Вот почему, прослышав о том, что Петербург открыл доселе замкнутые на двенадцать засовов ворота в далекую хлебородную степь, десятки тысяч изголодавшихся на родине, отчаявшихся мужиков тотчас снялись с родовых насиженных мест и тронулись в неведомые акмолинские степи. По тернистому, по каторжному пути шли в те годы переселенцы, колеся по градам и весям обширной Российской империи. История дореволюционного переселения российских мужиков в казахские степи — это целая поэма страшных, почти неправдоподобных бедствий, неисповедимого народного горя, вынести которое был способен только один русский мужик.
Особенно усиленный наплыв переселенцев в акмолинские степи начался с девяностых годов прошлого века и продолжался вплоть до первой мировой войны. Летом 1890 года на территории Акмолинского края скопилось свыше семнадцати тысяч никуда не причисленных переселенцев. Тамбовские, курские, пензенские мужики наводнили все казачьи станицы. Они блуждали по Горькой линии в тщетных поисках пристанища. Уездные власти, не видя возможности как-нибудь устроить новоселов и опасаясь волнений и эпидемий, употребляли все силы, для того чтобы выдворить переселенцев за пределы степного генерал-губернаторства.
В грозную осень 1890 года только девятьсот пятнадцать семей из семнадцати тысяч переселенческих душ, мечтавших найти в казахских степях обетованную землю, были с грехом пополам определены на земельные участки. Поземельно-устроительные партии селили пришельцев где попало: то в безводной степи, то на непри-
годных для пашен солончаковых почвах. Переселенцы, не имевшие возможности «позолотить ручку» начальникам поземельно-устроительных партий, через год снова вынуждены были сниматься с отведенных для них участков и трогаться в поисках новых, более пригодных земель. Судьба же нигде не приписанных новоселов была еще ужаснее. Очутившись к зиме без крова, без куска хлеба, без расколотого гроша за душой, тысячи бесприютных семей кружились в окрестной степи, бродили по линейным казачьим станицам. Но казаки, видя в новоселах врагов, посягающих на священную линейную землю, и чувствуя в них опаснейших конкурентов в земледелии, не только не давали приюта обездоленным мужикам, но гнали их вон из станиц. Измотанные бесконечными скитаниями, отчаявшиеся и изголодавшиеся переселенцы вынуждены были искать защиты в пустынных степях, у затерянных в них редких зимовок кочевников.

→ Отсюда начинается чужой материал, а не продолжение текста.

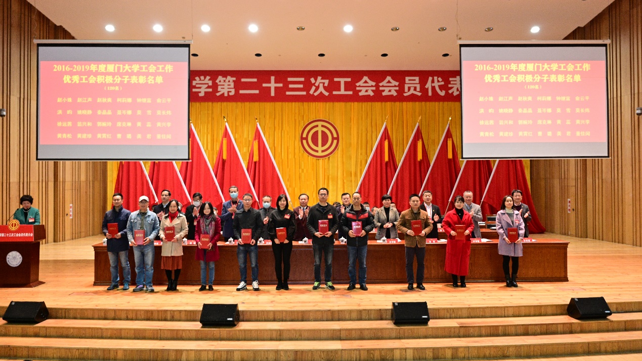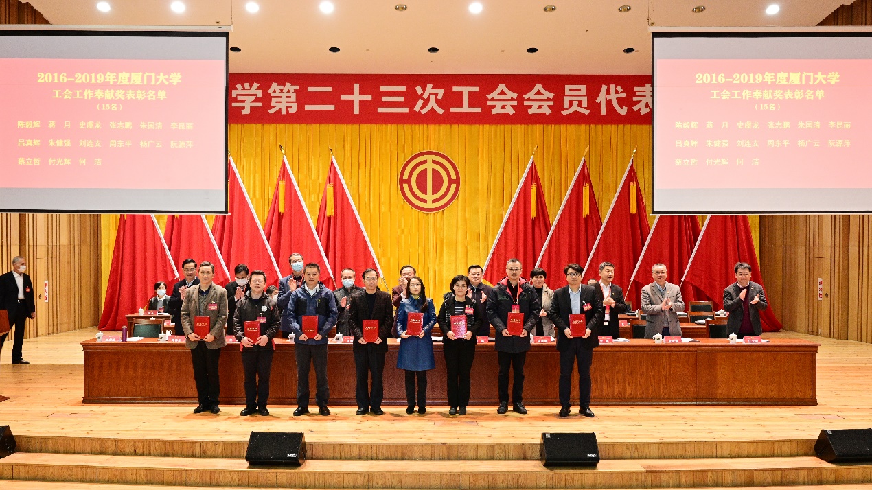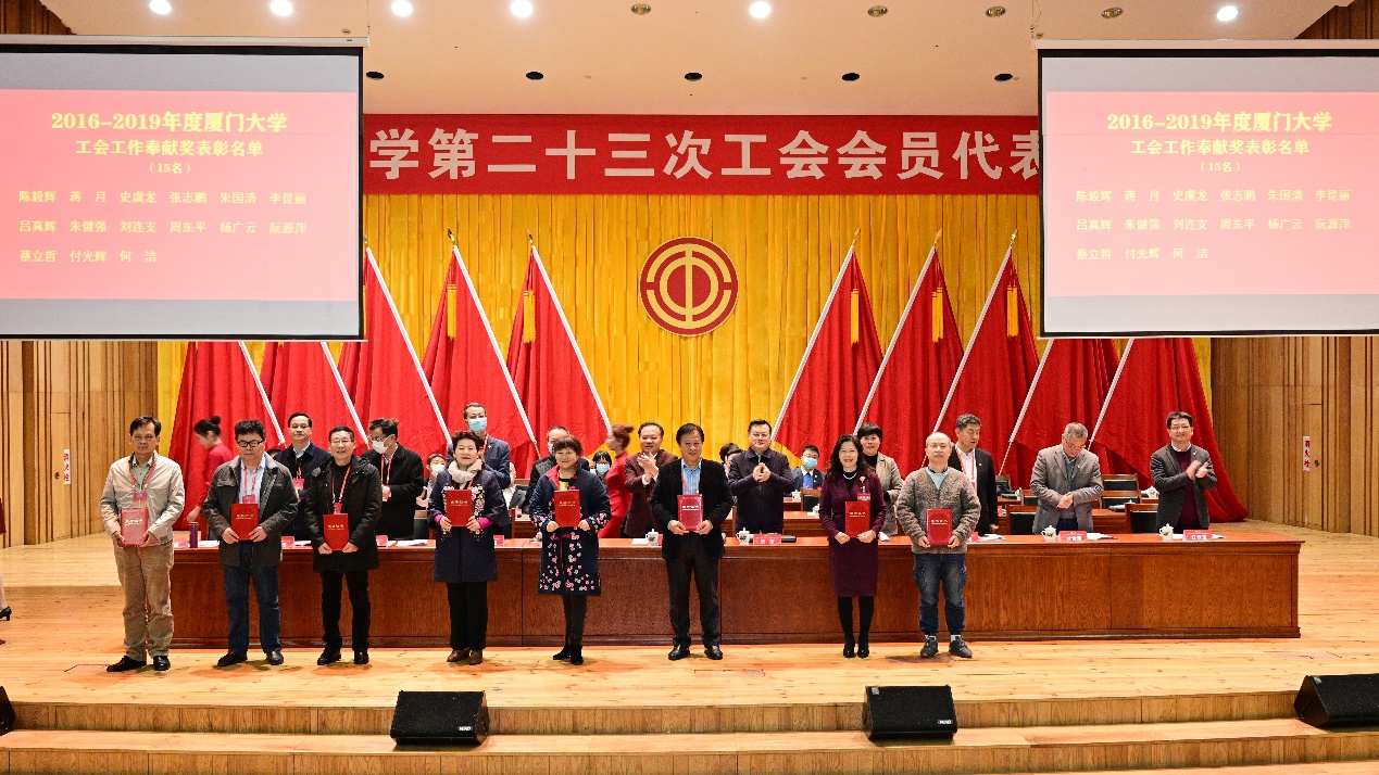 1月8日,厦门大学第二十三次工会会员代表大会在科学艺术中心召开。大会听取、审议校第二十二届工会委员会工作报告和经费审查委员会报告,表彰工会先进集体和个人,选举产生新一届校工会委员会和经费审查委员会。校党委书记张彦、校长张荣,福建省教科文卫体工会工委一级调研员朱毅敏,厦门市总工会党组成员、副主席朱秀敏出席。
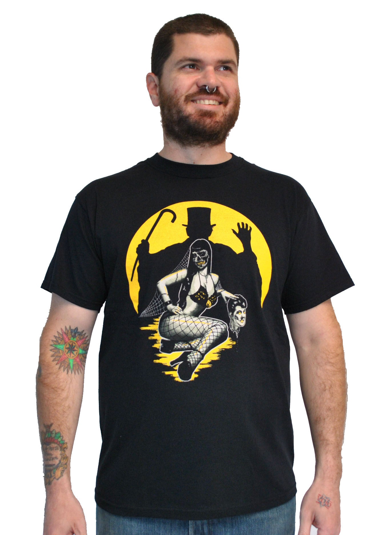 Design by Lucky Mule. Three color print, yellow, discharge white and pale green ink on a black tee.
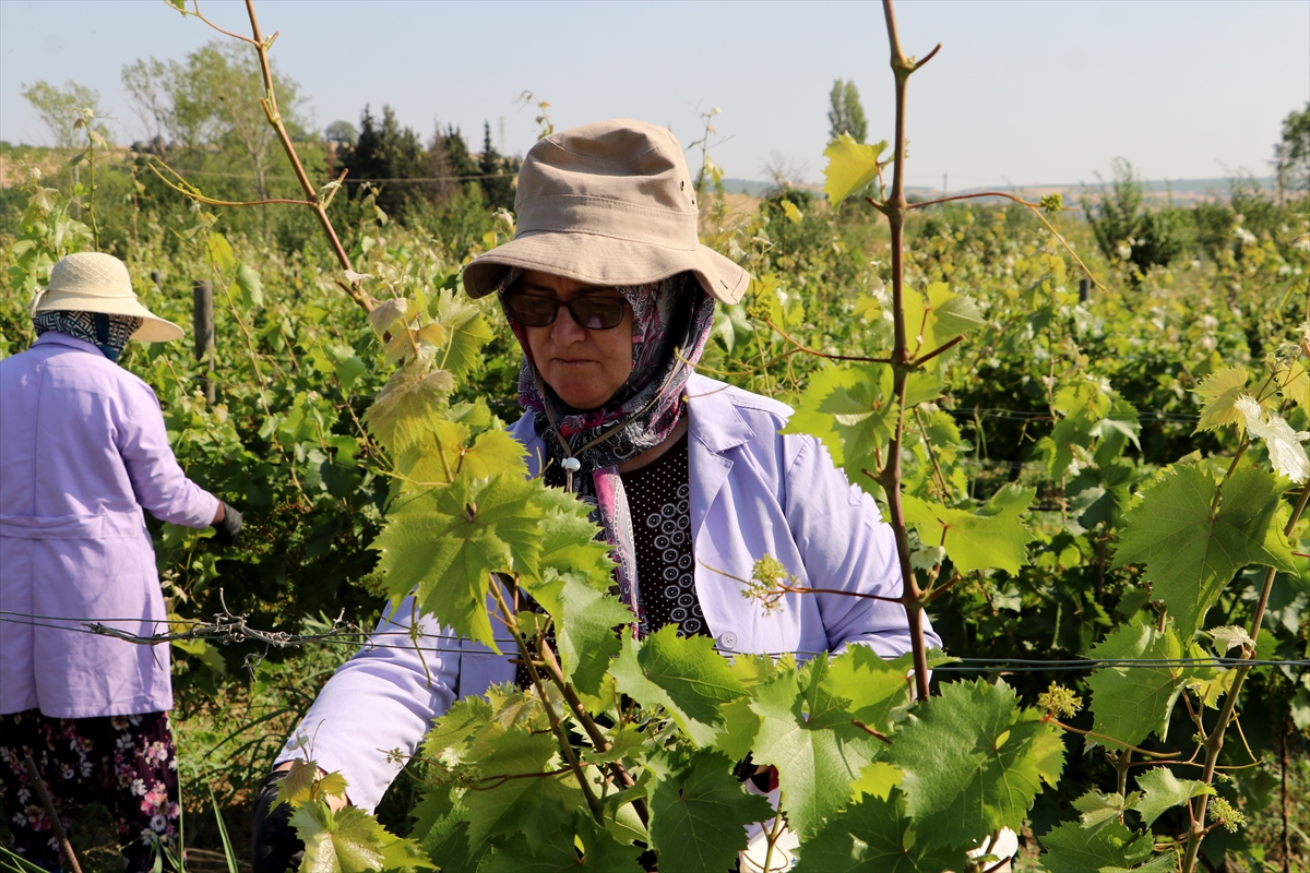TEKİRDAĞ (AA) – Tekirdağ'da "kınalı yapıncak" olarak adlandırılan meşhur Yapıncak üzümünün tescil edilen tüysüz ve narin yapılı asma yaprağının hasadına başlandı.
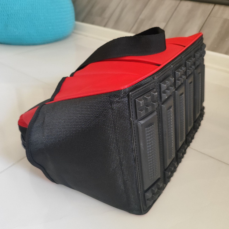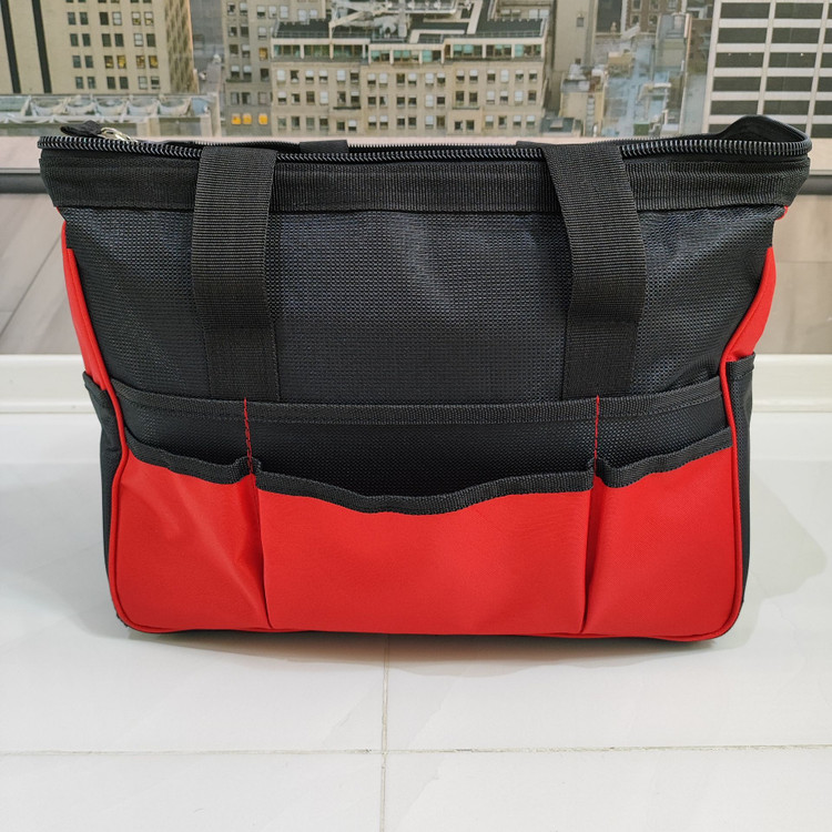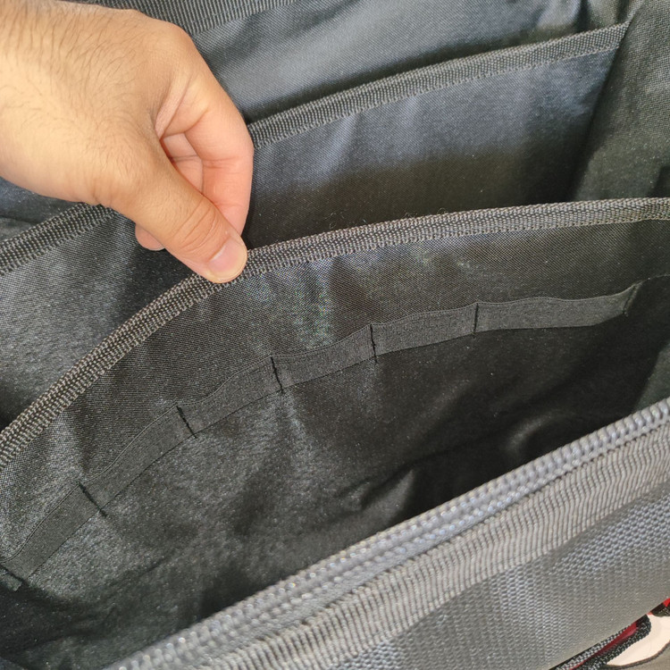 داخل کیف دارای محفظه جهت آویز لوازم میباشد ((( کف تمام دارای ضربه گیر ))) دارای جیب مخفی طول 42 سانتی متر ارتفاع 30 سانتی متر عمق 23 سانتی متر 1 زیپ اصلی درجه یک 15 جیب پارچه برزنتی اعلا دارای جای پیچگوشتی و فازمتر و سایر ابزار تقویت نقاط تحت فشار ساخته شده از بهترین متریال مجهز به 4 عدد پایه پلاستیکی مقاوم و با دوام مناسب جهت مصارف خانگی و صنعتی تولید شده از پارچه دو لایه درونی و بیرونی جهت تحمل بیش تر در برابر وزن بالا دارای زیپ دندانه بزرگ و روان و دسته دوبل مقاوم و مستحکم به کارگیری نوار مغزی فلزی جهت تقویت نقاط تحت فشار استفاده از با کیفیت ترین برزنت دورو دسته دو لایه و مقاوم
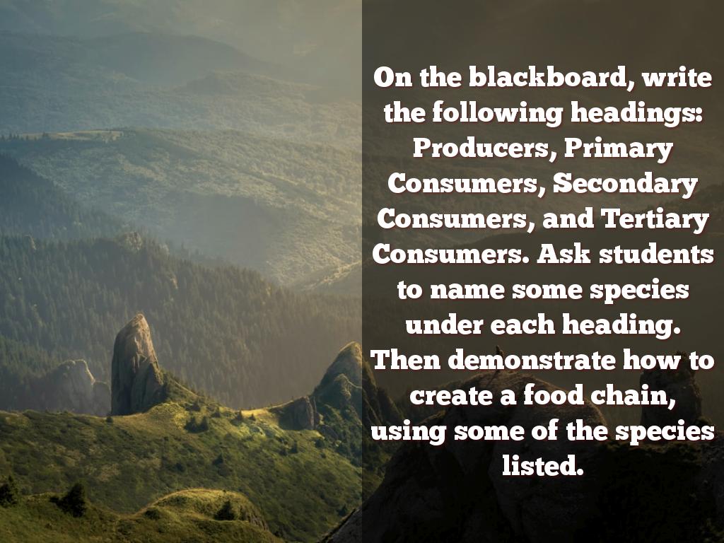 On the blackboard, write the following headings: Producers, Primary Consumers, Secondary Consumers, and Tertiary Consumers. Ask students to name some species under each heading. Then demonstrate how to create a food chain, using some of the species listed.
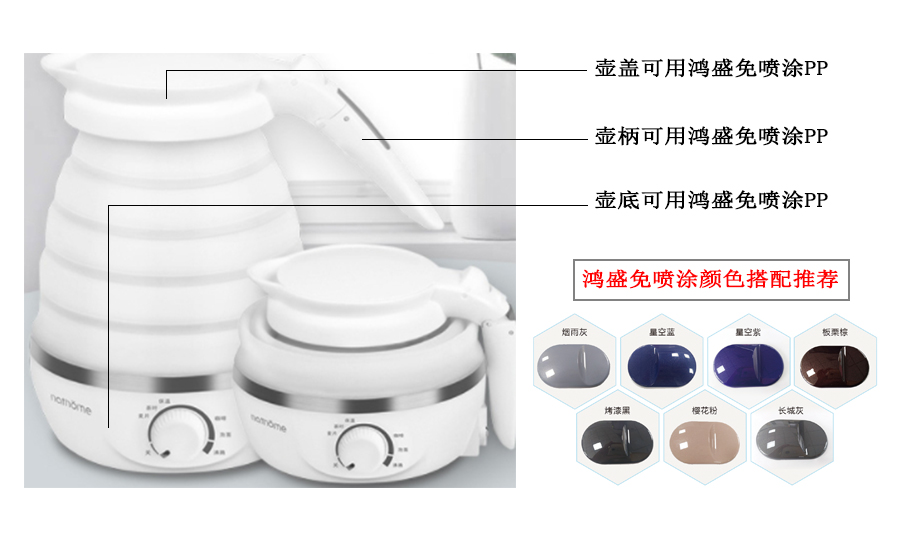 鴻盛新材作為一家在材料領域深耕了17年的公司,食品級材料一直都是我們的優勢,這款產品的壺蓋、壺柄和壺底外殼三部分均可以采用我們鴻盛的免噴涂材料制作。免噴涂塑料作為一種新型環保美學塑料,比起傳統的塑料更多具備了無需噴涂、綠色環保、低VOC等特點,所以假設這款產品塑膠部位使用的是免噴涂塑料進行生產,不僅進一步方便了生產制造商,也能讓消費者更加安心。
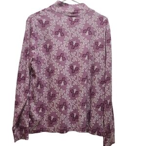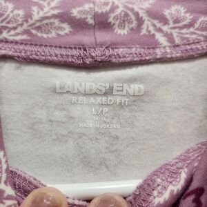 Lands End Womens L Petite Purple Floral Mock Turtleneck Long Sleeve Cotton Tee
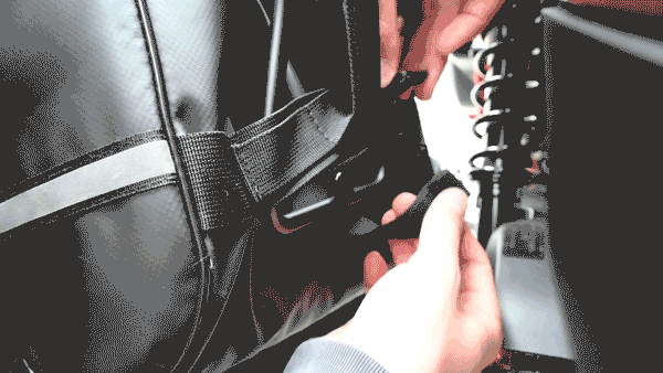 固定方法は、付属の上部ベルクロテープ(190mm2本)、下部ベルクロテープ(200mm1本)を使用し固定してください。3点固定式になっているので、走行時のバッグの揺れを防止します。
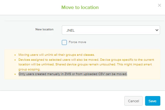 We use two locations within Jamf School to separate users and devices for our Middle and Lower Schools. It's time to move our rising 6th-grade users to the Middle School location. Devices do not move locations, only users. What is the easiest way to move users from one location to another? Any tips would be helpful!
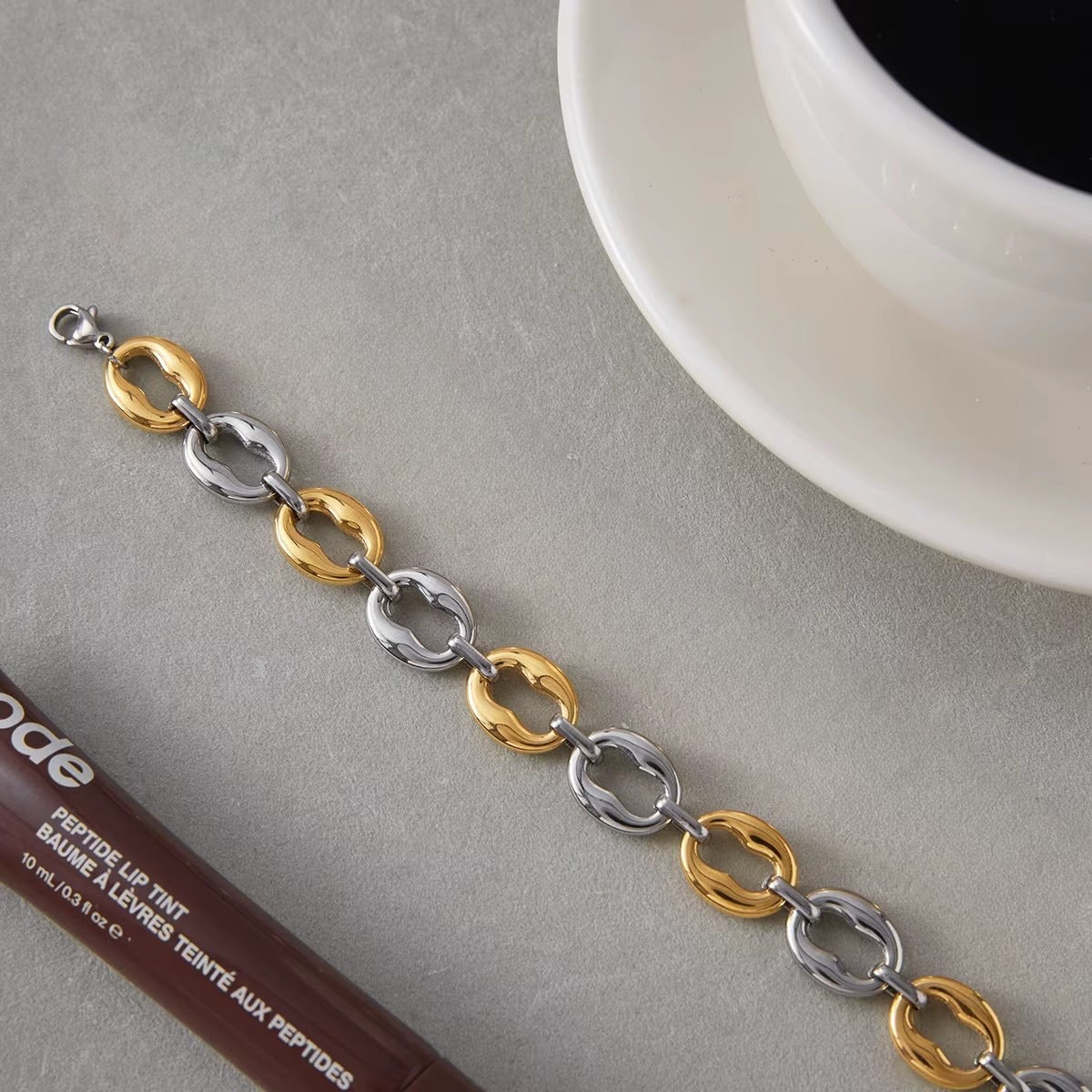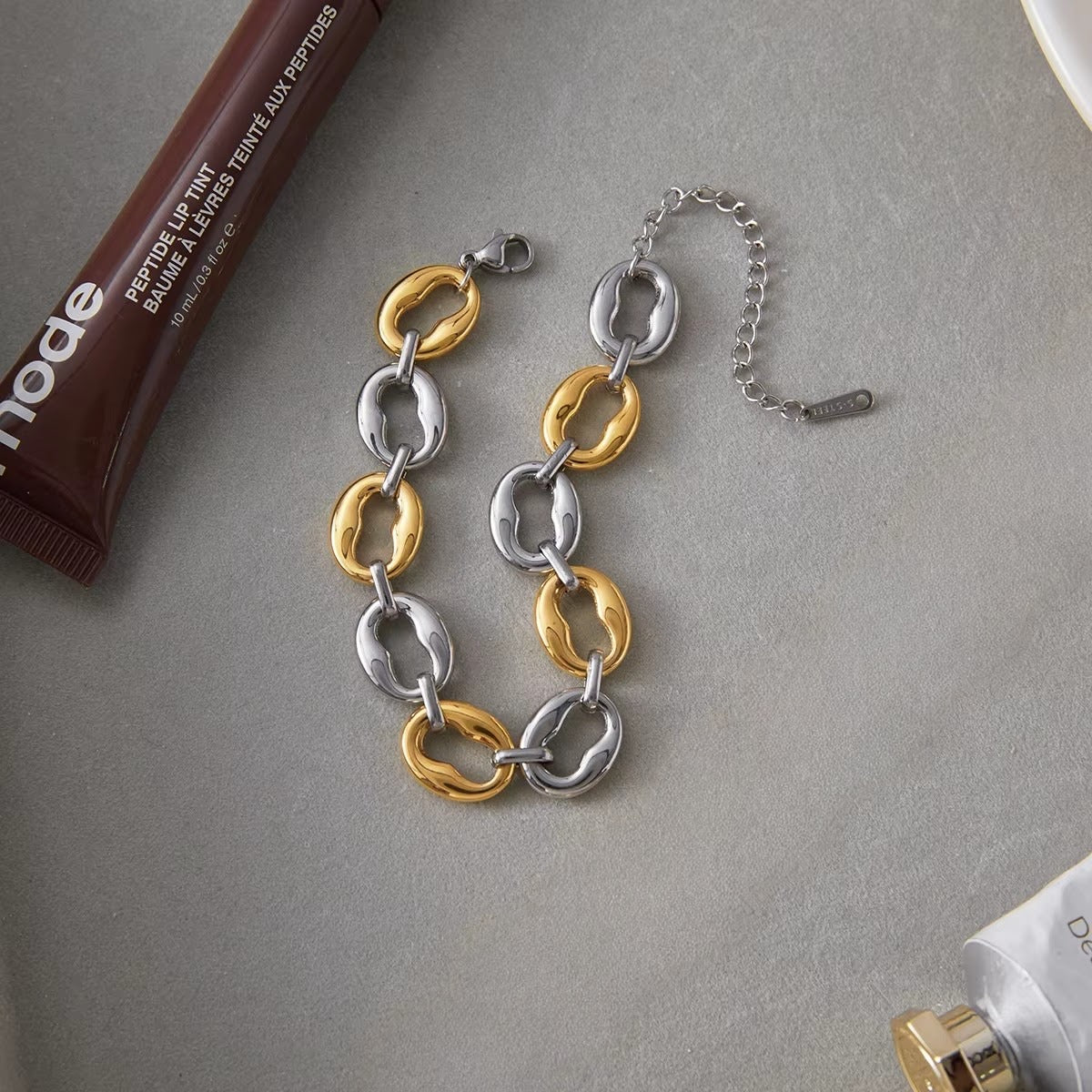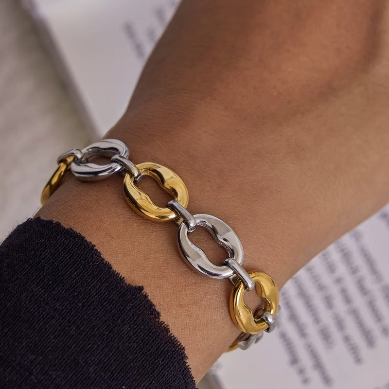 A bold, aesthetic bracelet designed for girls who love mixing metals without thinking twice. The LinkFusion Bracelet blends gold and silver tones in a chunky, modern chain that instantly elevates your stack. Lightweight, statement-making, and built for everyday wear — this is that one bracelet people always ask you about.

Однако казахи, сами вытесненные с прежних богатых угодий, не могли сочувственно относиться к русским новоселам. Аткаминеры, влиятельные степные князьки и баи натравливали казахскую бедноту на блуждающих по степям бездомных русских крестьян; и национальные, и классовые отношения обретали здесь самые острые формы.
Нет, негде было приклонить голову в этом просторном краю затравленным пензенским мужикам, попавшим под перекрестный огонь национальной, сословной и классовой ненависти. На суровом чужестранном ветру, под проливными дождями ютились они в жалких своих шалашах и, простужаясь и голодая, равнодушно умирали здесь среди глухих дорог, цепляясь окостеневшими пальцами за жестокую, неласковую к ним землю.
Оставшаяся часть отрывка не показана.